The femtocell represents the smallest cell defined at present (2011) of the cellular network. It is normally related to the 4G technologies WiMax or LTE, but is also used in relation to the 3G networks. For the purpose of this application note the following description can also represent the picocell level of hierarchy. The different business models used for the two are not important here. One should however remember that the picocell often carries a higher payload on the Ethernet due to its higher capacity in terms of simultaneous users. The M50 is designed to handle a radio traffic payload of up to 60 Mbit/s in a Fast Ethernet network using the feed-through mode. If higher data rates are required a simple three-way switch can be inserted in the Ethernet path. However, the benefit of using just one IP address for the base station is lost as the PTP and Wireless processors will receive different IP addresses from the server with this setup.
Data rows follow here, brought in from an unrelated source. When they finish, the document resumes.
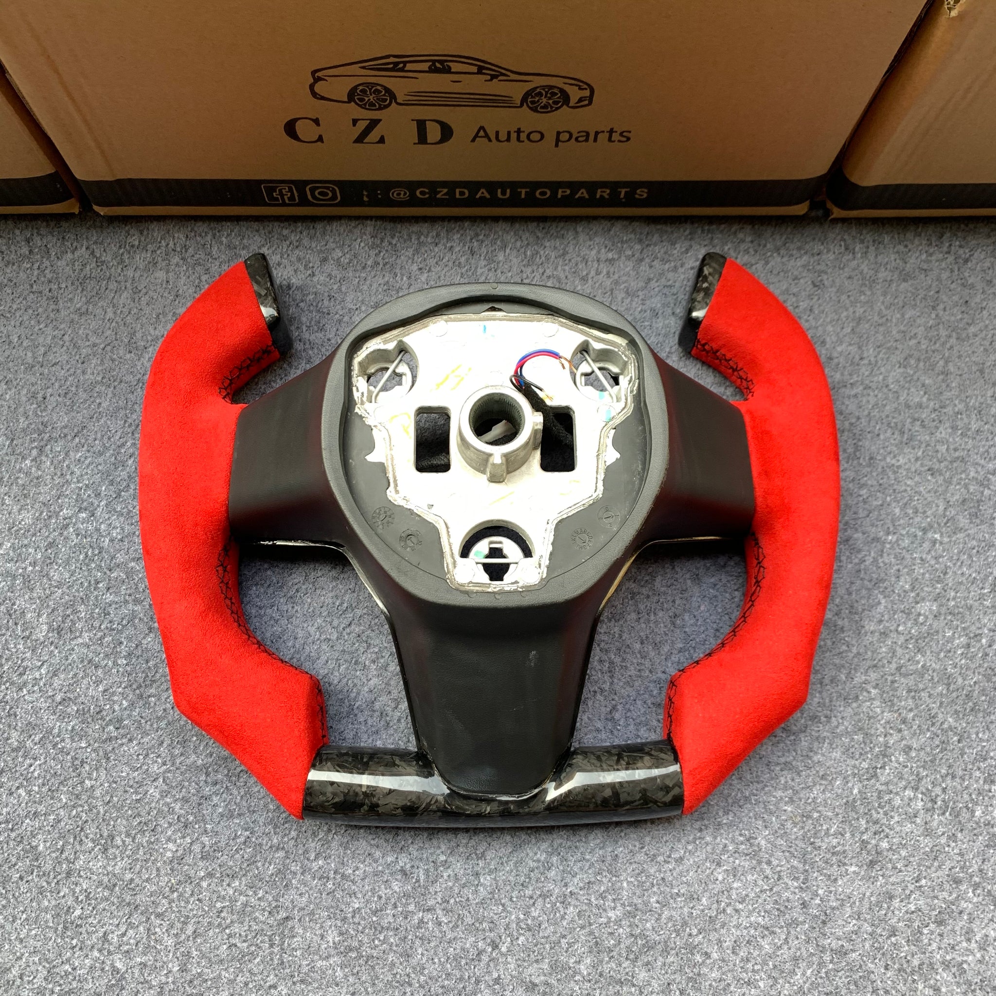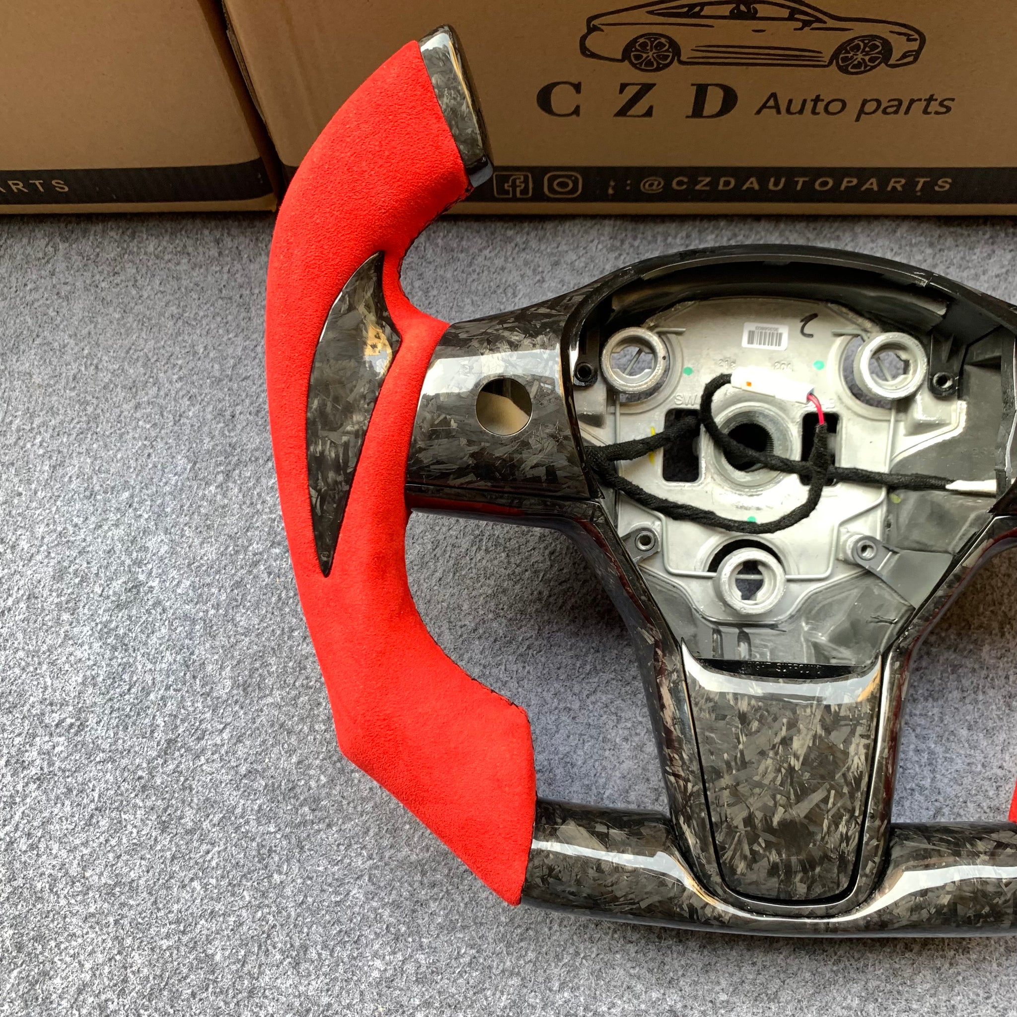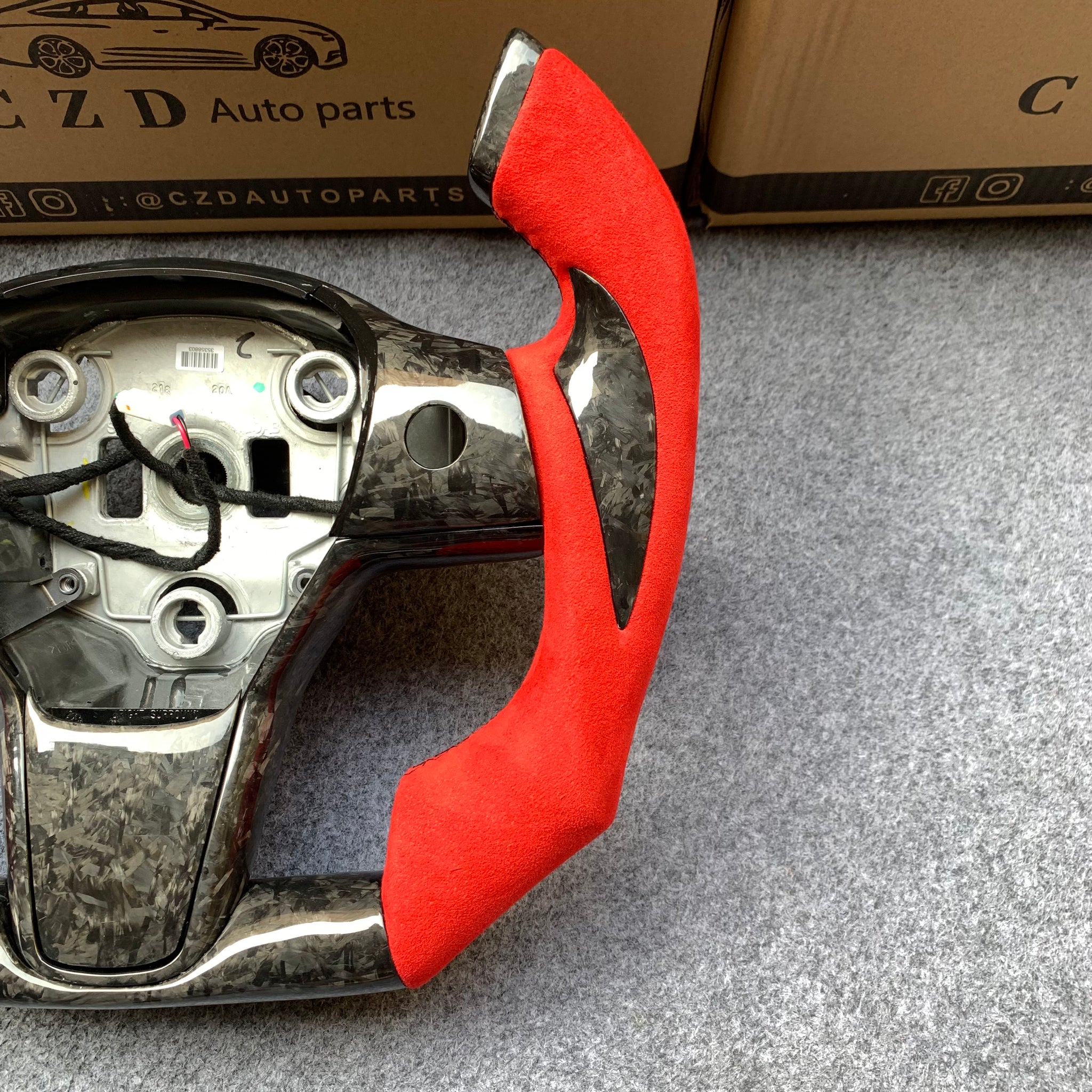 CZD auto parts for Tesla Model 3 2017-2020 carbon fiber steering wheel with F1 shape & alcantara leather side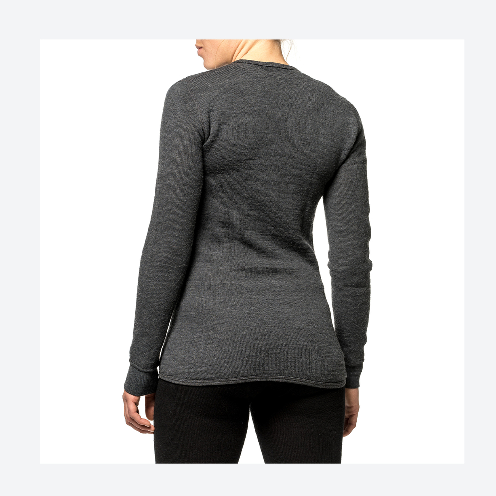 - Inga skavande sömmar: Crewneck 200 är rundstickad, vilket innebär att den helt saknar längsgående sömmar. Det ger en oslagbar komfort under ryggsäcksremmar eller arbetskläder.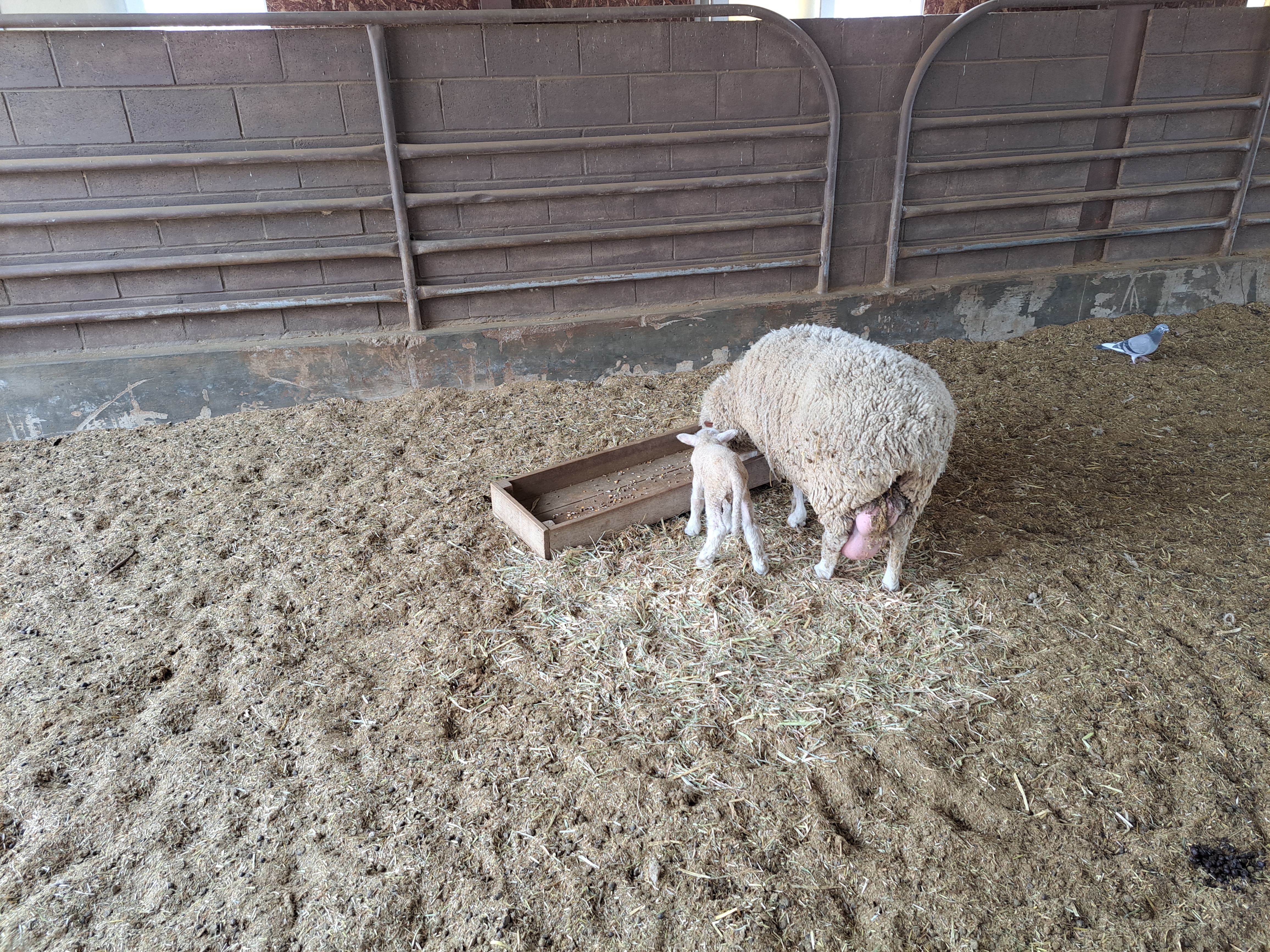 더운지 그늘에 있습니다. 새끼 양들이 너무 귀엽네요
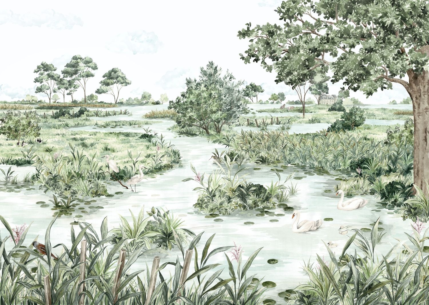 De collectie Douce France is een panoramische behangcollectie van Les Dominotiers, een Frans merk dat bekend staat om z’n stijlvolle muurschilderingen en behang op maat. Het idee: een beetje als een schetsboek dat je doorbladert na een reis — pure liefde voor de diversiteit van het Franse landschap, van kust tot bergen, van marais tot mediterrane stadjes.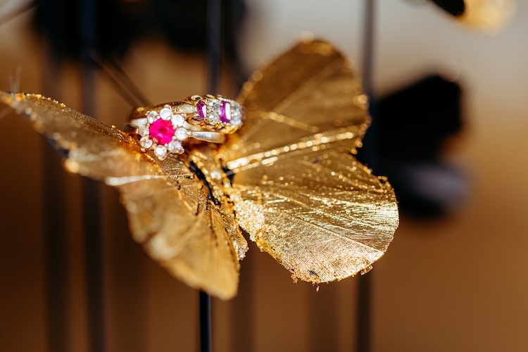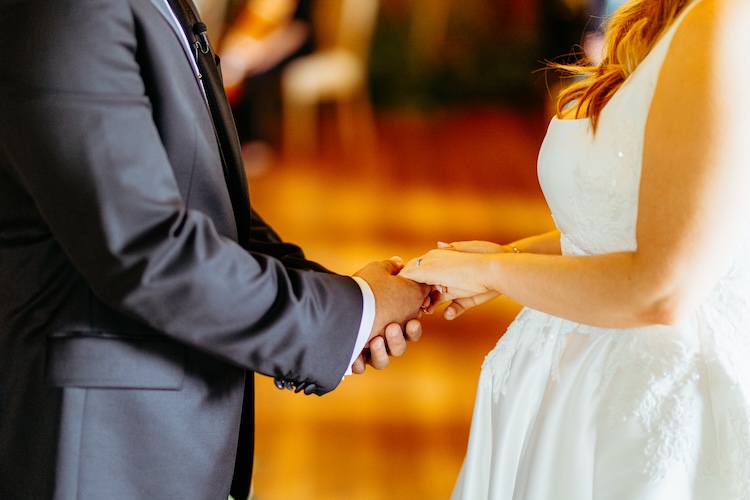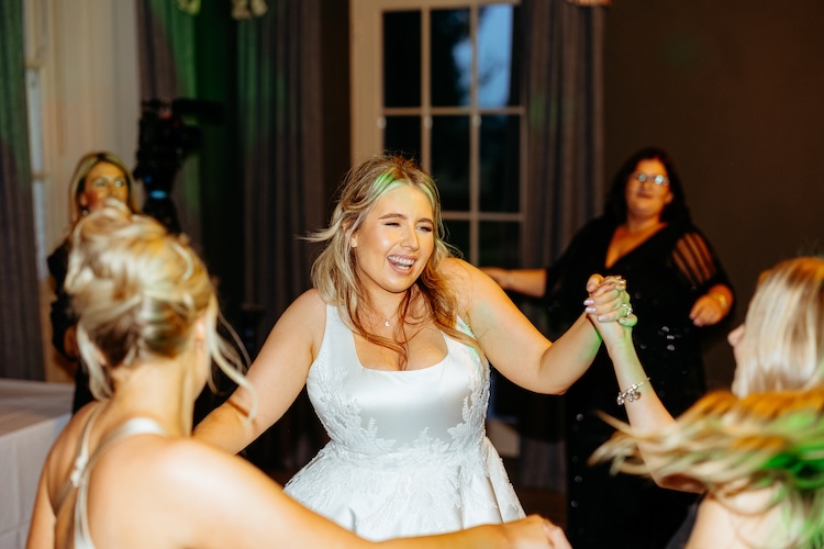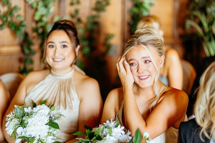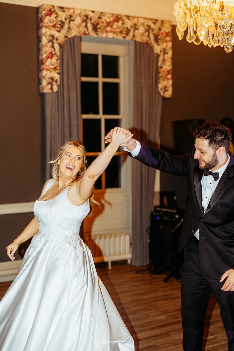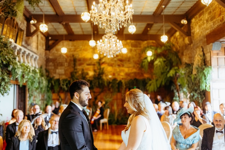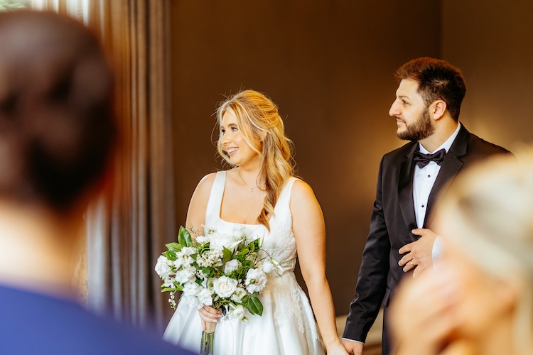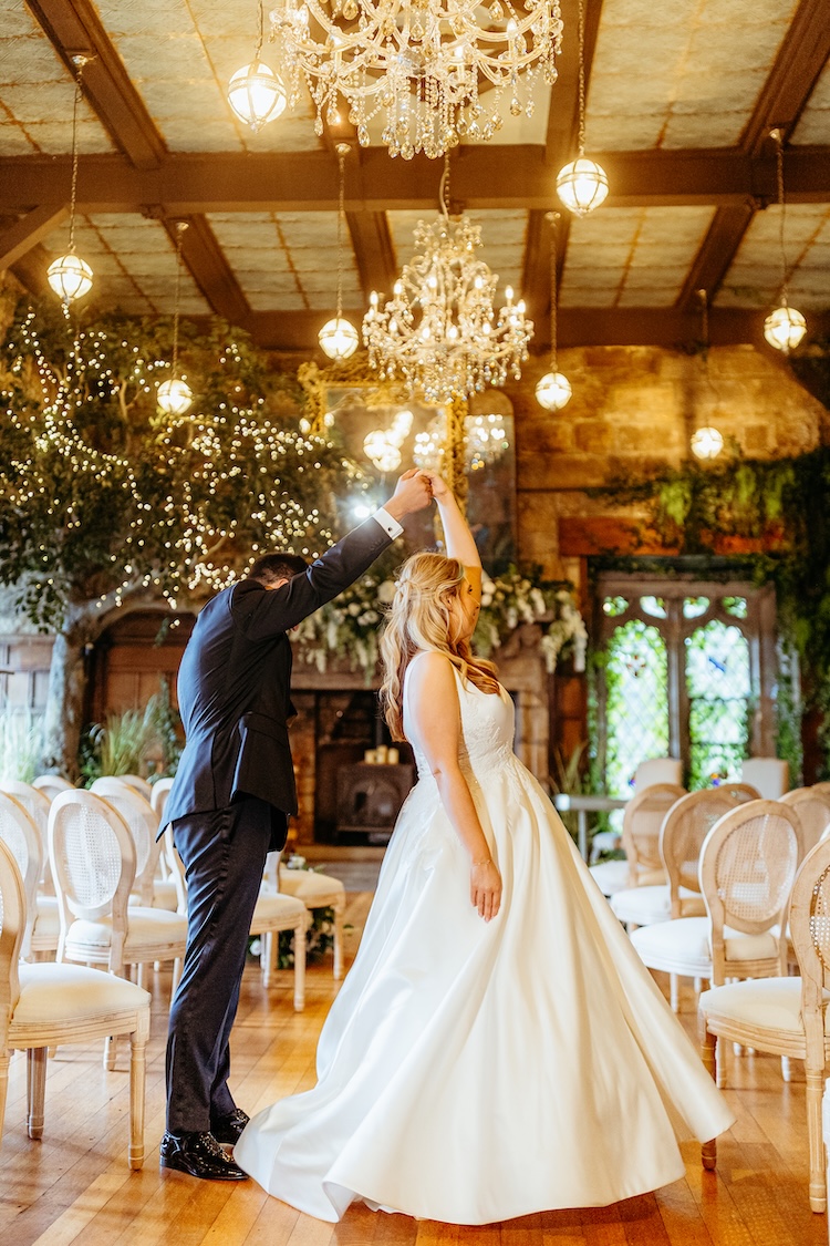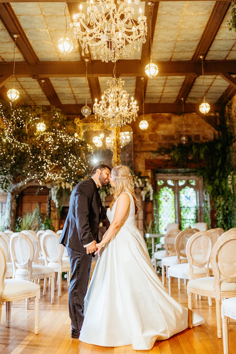 The celebration began in the Hall’s breathtaking ceremony room, where Samantha and Mike exchanged vows surrounded by family and friends. The warm stone walls, sparkling chandeliers, and lush foliage created an enchanting setting for their heartfelt promises, with smiles and happy tears all around.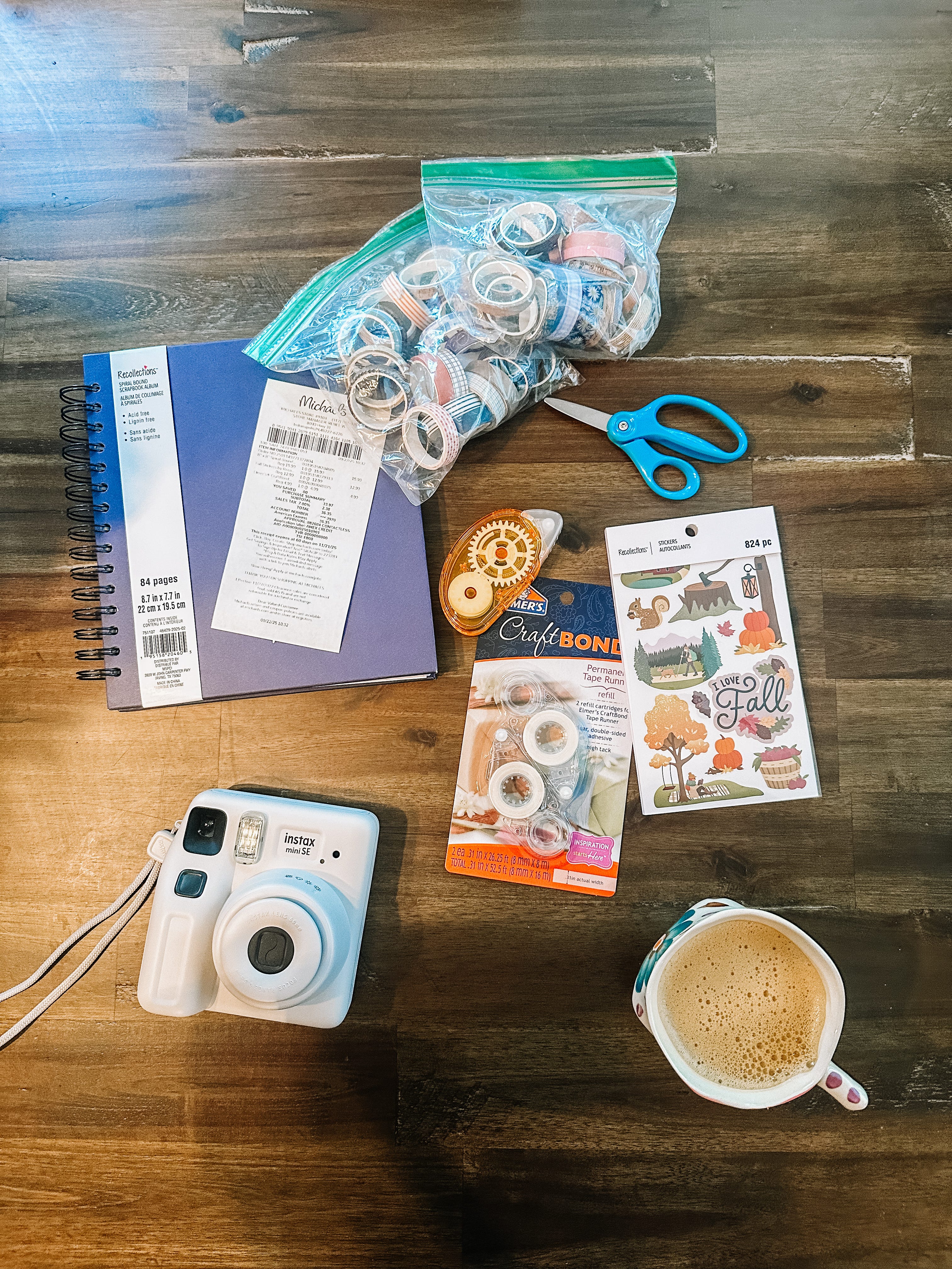 I ended up coming home with a navy blue scrapbook (Gracie chose the color, which made it extra special), as well as a book of fall-themed stickers, and some extra scrapbooking tape. On the way home, I grabbed myself a pumpkin spice latte from Starbucks and made a mental note to save the coffee sleeve as well as the sticker they put on the side of my drink, detailing what I ordered and when, to put into my seasonal scrapbook as a way to mark the first day of autumn.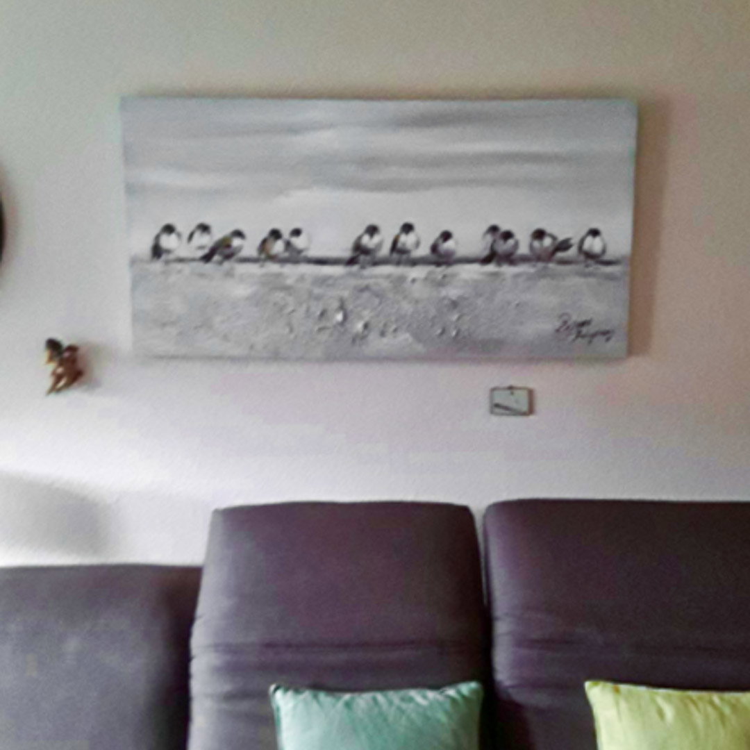 Mit 'Teamwork' ist nichts unmöglich – das ist das Motto dieses Schwarms von Vögeln. Das mit Glitter verzierte Bild mit den niedlichen Tieren verschönert jede kahle Wand, egal, ob in Ihrem Büro oder Zuhause im Wohnzimmer. Das in sanften Beigetönen gestaltete Gemälde sorgt garantiert für zahlreiche Komplimente für Ihren hervorragenden Geschmack. Ihr handgemaltes Gemälde erhalten Sie in der Größe 120x60cm. Anders als bei minderwertigen Drucken auf Leinwand können Sie auf unseren Unikaten jeden Pinselstrich fühlen. 0 Canvas pictures 1 Acrylgemälde Handmade Quality 2 2 0

Figure 1 below shows how the M50 connects in between the wireless base band processor and the Ethernet port of the femtocell. Due to the high requirements on timing accuracy and frequency stability and the complex network of its deployments, the monitor and control of the M50 and its network loop controller will be assumed either by a centralized control or by the host processor in the femtocell, the wireless baseband processor.
Figure 1: M50 in a femtocell application
In figure 1 an optional GPS has been added. A GPS can be found in many of the first prototypes of femtocells which have appeared on the market. GPS will probably still be used for the outdoor mounted and more expensive units. The M50 features a standardized GPS interface and can be introduced to create a 1588 timing source backup in the event of a satellite black-out.
This integration corresponds to the integration level B of the Qulsar Integration Levels. The M50 is defined as a subsystem to the wireless controller. The femtocell is a cost sensitive application and the M50 is therefore designed to be booted by the wireless controller making it possible to save cost by not mounting a flash on the M50.
The M50 can provide a syntonized reference frequency of 5/10/20/25 MHz (selectable) feeding the radio of the cell. The RF section contains converters and filters to correct carrier frequency.
The M50 schematics for this application can be seen in figure 2. Two input signals, PPS and ToD, provides the reference timing information from GPS as long as it has a high quality reception (able to see enough satellites). When the GPS signal is lost, the M50 switches over to use the network based grandmaster as the time source.
Figure 2: Femtocell schematics for M50
For typical consumer in-door applications the 1588 synchronization will be used thus lowering the synchronization costs considerably versus the GPS or very precise local oscillator alternatives.
The on-module crystal is optimized for low cost and for a master tracking operation. If the network connection is lost in this application, there is no need for holdover in the cell as the data path is closed. The M50 can deliver only short range holdover to shut down calls in a controlled way. If the system setup however is different and the cell should maintain intra-cell calls, an external oscillator of choice can be added to the schematics. The M50 automatically senses the existence of such an external oscillator.